Через некоторое время Кристин переселяется из рёкана на третий этаж «Рю», где живут остальные девушки. В ее собственной крохотной комнатушке она может убрать все книги и повесить газетные вырезки на стену без воплей горничной, хотя ей не хватает таинственного света в ночи над заливом и даже предрассветных гудков, которые издают заходящие в гавань рыболовные сейнеры. Как и другие девушки, она изучила расписание вращающегося отеля и знает, куда выпустят ее двери отеля в какой момент. «Рю» – это ступица колеса памяти на ландшафте амнезии, а длинные мерцающие трубы туннелей – это спицы, ведущие в Синдзюку, Уэно, Сибую, Роппонги, Асакусу, Икэбукуро, Харадзюку и другие районы города. Иногда Кристин появляется в сердце старого Токио у императорского дворца и крепостного рва, иногда – на чудовищных бульварах в тени зданий, которые вкручиваются в небо стеклянными лабиринтами с выступающими полупрозрачными куполами, словно пораженные катарактой глаза, невидимые днем и мерцающие ночью. Эти бульвары и здания подстраиваются под город – серый в свете дня, загадочный и расслабленный, исчезающий во мгле залива, а с приходом ночи обретающий другую сущность: веселый и будоражащий салон патинко двадцать первого века, игровой павильон души.
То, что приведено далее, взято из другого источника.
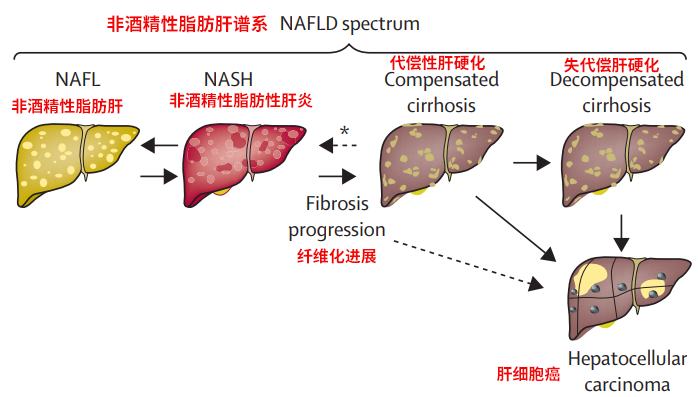 脂肪肝(fatty liver)是指人体肝细胞内脂肪堆积过多,而产生的病变。它可能由各种原因引起,发作隐蔽,早期不痛不痒,目标人群上至老年,下至儿童,简直老少通吃。根据数据显示,中国成人脂肪肝患病率或已超过35%②。而且更让年轻人羞耻的是,他们已经成为了脂肪肝的主力军……根据《上海白领健康白皮书》显示,男性白领脂肪肝比例约为48.8%,女性白领脂肪肝比例为21%③。脂肪肝虽然普遍,但不表示它正常!脂肪肝如果不加以干预,会发展成脂肪型肝炎,一步步向肝硬化、甚至肝癌进展。武汉大学人民医院对我国1999年-2018年的非酒精性脂肪性肝病人群流行病学特征进行了分析。发现2018年我国非酒精性脂肪性肝病的患病率就高达32.9%①。也就是接近3个人中,就有1个是非酒精性脂肪肝。脂肪肝一种常见的肝脏病理改变,而非一种独立的疾病。症状轻的人没有什么症状,症状重的人病情就变得特别的凶猛。因为肝细胞一旦被脂肪占据,这种情况下,虽然肝细胞本身是完好的,但它的功能会慢慢下降。肝脏只有极细的末梢神经,它很难直接向神经中枢传达信号,所以对于一般的损伤,肝脏都以其强大的代偿和再生能力默默承受着。平时也不会太影响正常生活,所以很多人已经习惯了这些病的存在,导致完全不重视,任其最终走向癌变。换句话说,轻度肝脏损伤和早期肝癌是没有任何症状的,极易被忽略,等到被发现时,往往已是肝硬化甚至肝癌!具体阶段分为:单纯性脂肪肝(脂肪肝的最初阶段)→脂肪性肝炎→肝纤维化→肝硬化→肝癌④。所谓“发胖”,指的就是肝脏内囤积了太多脂肪,从而形成脂肪肝。当体内的脂肪过度覆盖肝脏,肝脏就会逐渐产生炎症,导致肝功能异常,这便是脂肪性肝炎。如果不及时治疗肝部炎症,长此以往肝脏会纤维化,变糙变硬,最终导致肝硬化。有研究报道,非酒精性脂肪性肝炎导致的肝硬化患者5年内患肝癌的风险高达11.3%⑤。且肝硬化是肝癌的重要诱因,务必要及时治疗。脂肪肝如不进行科学干预和治疗,约有25%可能发展为肝纤维化,1.5%~8%可能发展为肝硬化⑥。

В эти моменты тело Кристин гудит стремлением к разрядке, добиться которой разум не может от переутомления, и она ступает в Токио огней и шума, ведь «Энола Гей» была всего лишь первым и самым вопиюще-безвкусным павильоном патинко. В ядерном рождении Японии и последующем объявлении о смерти имперского бога гравий прошлого расплавился и застыл в миллионах витрин, где теперь вспыхивает миллион несвязных образов и сопоставлений – гейши и Гиндза, буддистские алтари и прекрасные королевы садомазохизма, невозмутимые чайные церемонии и сумасшедшие таксисты, бороздящие токийский лабиринт, – витрин, отражающих бесчисленные аспекты столичной души. Пробыв какое-то время в Токио, Кристин вскоре начинает замечать повсюду капсулы времени, в храмах побольше, вроде Мавзолея Кобаяси близ отеля, и в мавзолеях поменьше, в крохотных домишках: блестящие капсулы времени, контрабандой провезенные с Запада, с датами первоначального захоронения. Весь город усеян алтарями с капсулами в домах и на улицах, в рёканах и храмах, и каждая дата представляет собой начало новой эры после смерти старой, наступившей первого января 1946 года, и вакуум времени между двумя датами, когда японский император парил в свободном падении с божественной высоты, а Японская Империя парила в свободном падении с высоты смысла. Когда император признался своим подданным, что он не Бог, их всех смело из двадцатого века в двадцать первый с большим отрывом от всех остальных: в конце концов, зачем теперь японцам был нужен двадцатый век? Что он принес им, кроме Нагасаки и отсутствия Бога? Теперь Токио наполнили миллионы новых эпох и миллионы новых империй, и из памятных капсул рождались миллионы новых императоров в форме каменного обломка с нечитаемым граффити, или сломавшихся в какой-то особый момент наручных часов, или открытки с изображением танцовщицы из лас-вегасского казино. В одной из таких эпох императором нового века оказался крохотный черный гробик, хранящий в себе зуб и кусочек угля, и свернутый в трубочку клочок фотографии обнаженной женщины в момент полового акта. В другой императором стал использованный презерватив.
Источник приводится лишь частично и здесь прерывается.